The proposed device operates as follows.

In the proposed diffraction lidar device (Fig. 1, 2, 3, 4, 5, 6) in the laser emitter 1, the laser light source 17 illuminates the horizontal modulator 2 using the collimator 18 (Fig. 2). Using the control system 3, a phase relief is created on the transparent gel-like layer 11 due to electric ponderomotive forces on the electrodes 12. The spatial frequency of the relief is formed by switching on the corresponding combinations of electrodes 12 (Fig. 3). As is known, for phase diffraction gratings, the maximum light output reaches unity with a phase incursion of 2.41 radians. The phase incidence angle for the first dielectric transparent substrate 9 in the form of a plane-parallel plate (Fig. 2.) is determined by the formula:

ψ = 2nω ₁ A,

where A is the depth of the relief; ω ₁ = 2π / λ ₁ ; λ ₁ - wavelength of read radiation; n = 1.41 is the refractive index of the gel-like layer.

In other words, for all spatial frequencies, the relief depth A _optim depends only on the wavelength of the read radiation and is equal to A _optim . At ψ = 2.41 for the translucent modulator (Fig. 2), we obtain the maximum relief depth A _optim = 1.2 / ω ₁ n, or A _optim = 0.137λ ₁ . For example, for radiation λ ₁ = 0.636 μm we get: A _optim = 87 nm. One of the important reasons for the speed of the modulator 2 developed by us is the pixel nanoscale, while in modulators based on liquid crystals and micromirrors, the displacement is measured in microns.
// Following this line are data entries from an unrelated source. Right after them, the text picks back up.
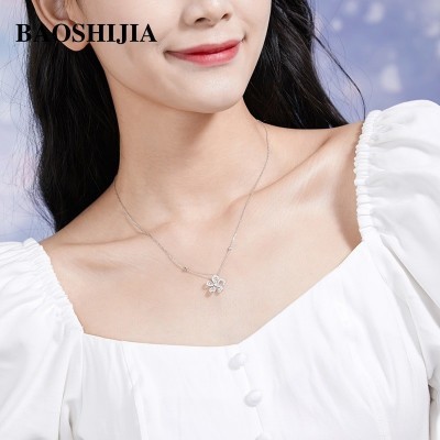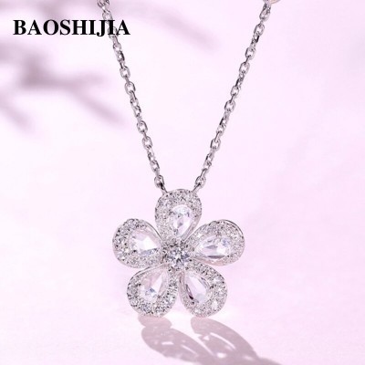 الرئيسية > BAOSHIJIA Womens Solid 18k White Gold Flower Necklace Clear Diamond Pendant Stylish Fine Jewelry An(
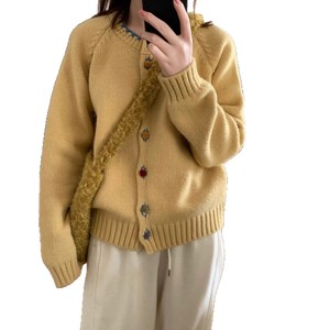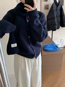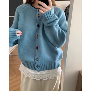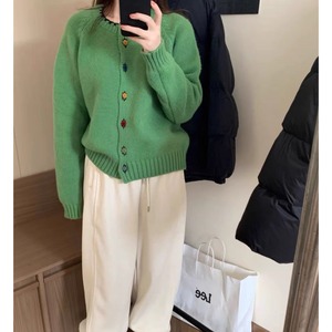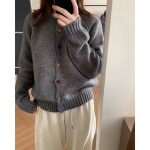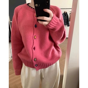 设计感彩色纽扣圆领毛衣外套女秋冬宽松显瘦减龄外穿针织开衫上衣
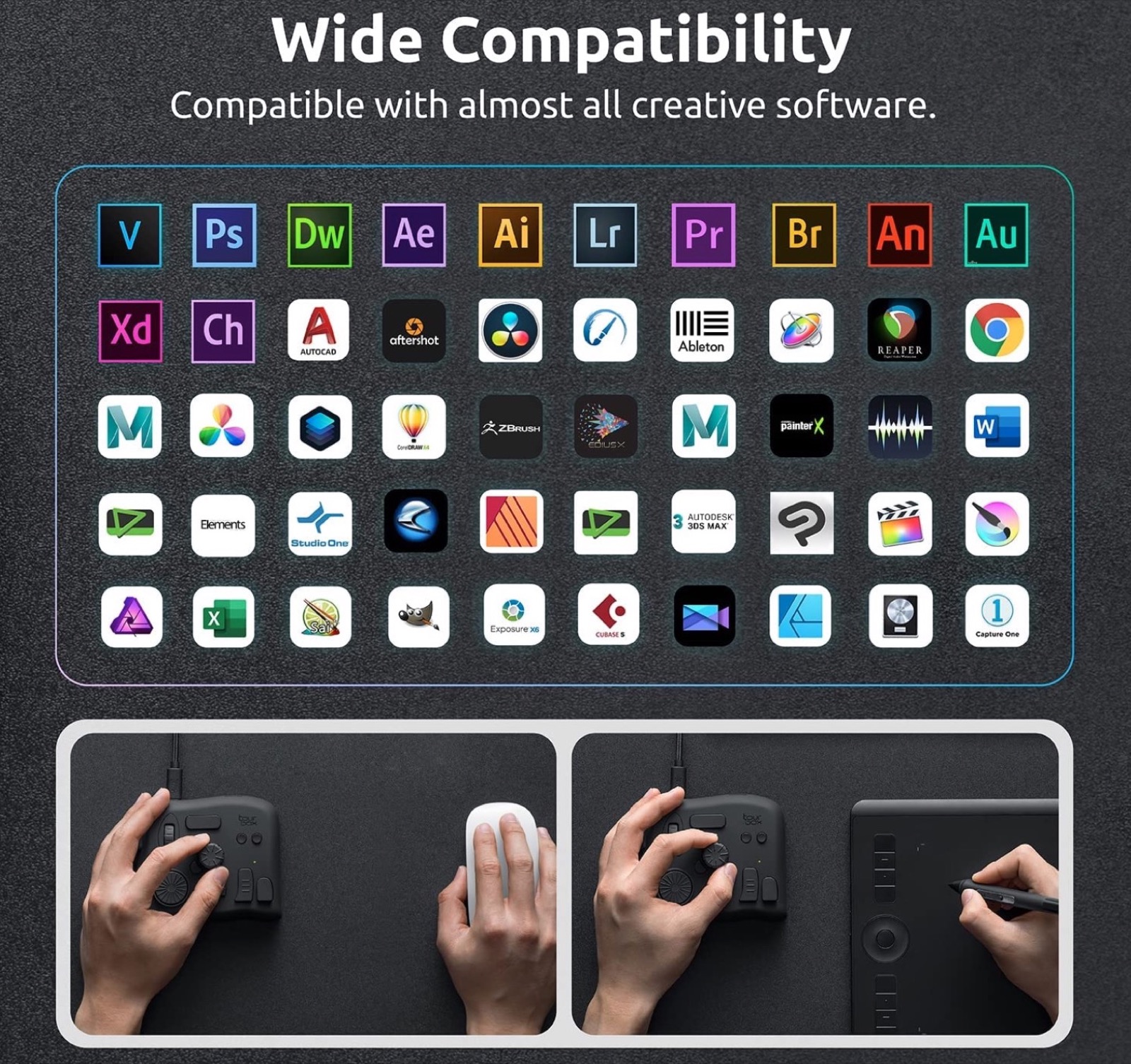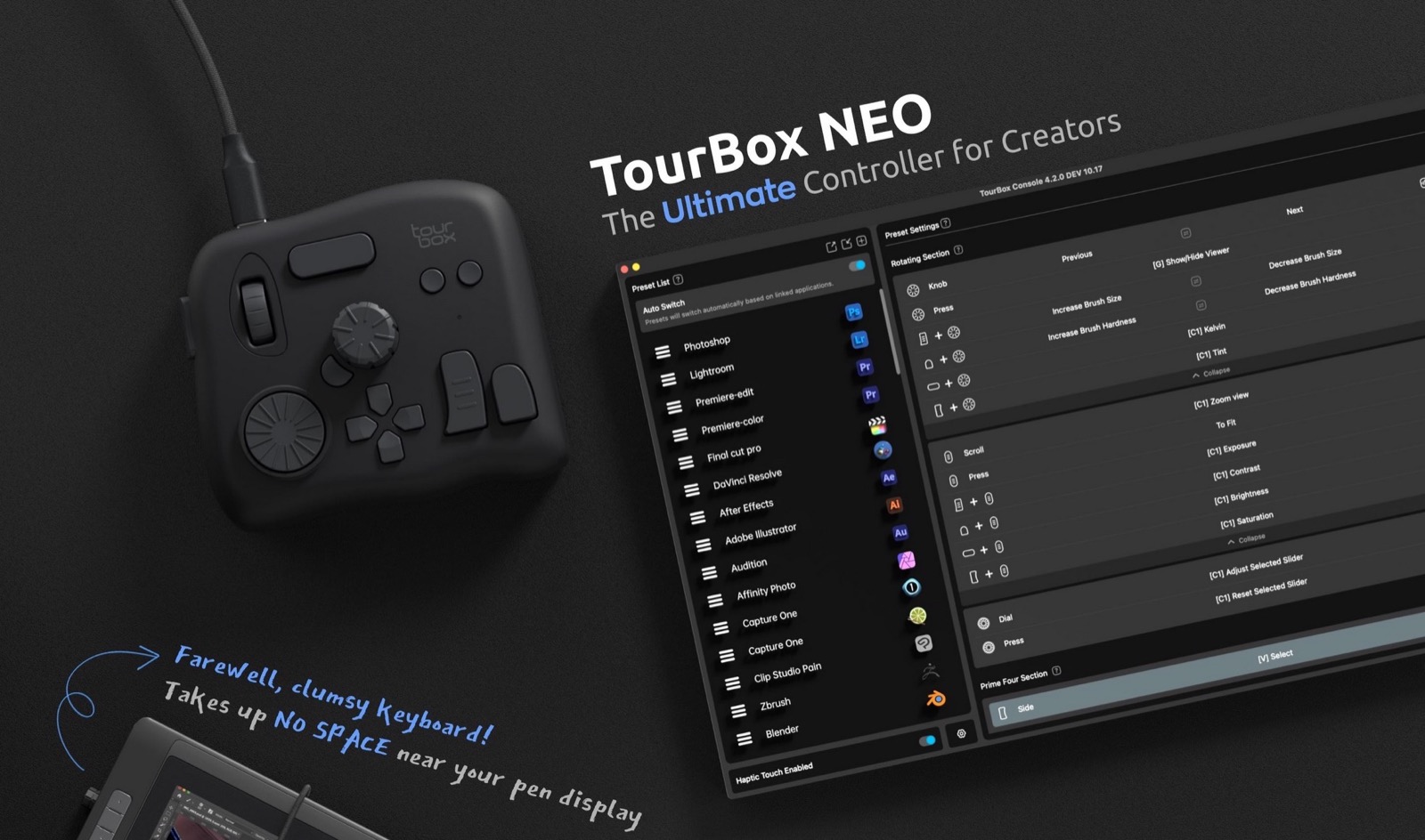Come dicevamo in apertura, TourBox NEO è compatibile con tutti i programmi Mac e Windows che si basano sulle scorciatoie da tastiera e supporta quasi tutti i software creativi come ad esempio Photoshop, Lightroom, Premiere, Illustrator, DaVinci Resolve, FCPX, Clip Studio Paint, Camera Raw, Capture One, SAI, AutoCAD, Blender, Pro Tools, Chrome, iTunes e Spotify.

The phase angle for the first dielectric transparent substrate 9 in the form of a prism of total internal reflection (Fig. 4.) is determined by the formula:

In this case, A _optim = 67 nm. Thus, the sensitivity for the first dielectric transparent substrate 9 in the form of a prism of total internal reflection is 1.41 times higher than for the first dielectric transparent substrate 9 in the form of a plane-parallel plate. Moreover, when using the prism of total internal reflection, the noise generated at the boundaries of the transparent electrodes 12 in the modulator 2, which works on the light, is eliminated.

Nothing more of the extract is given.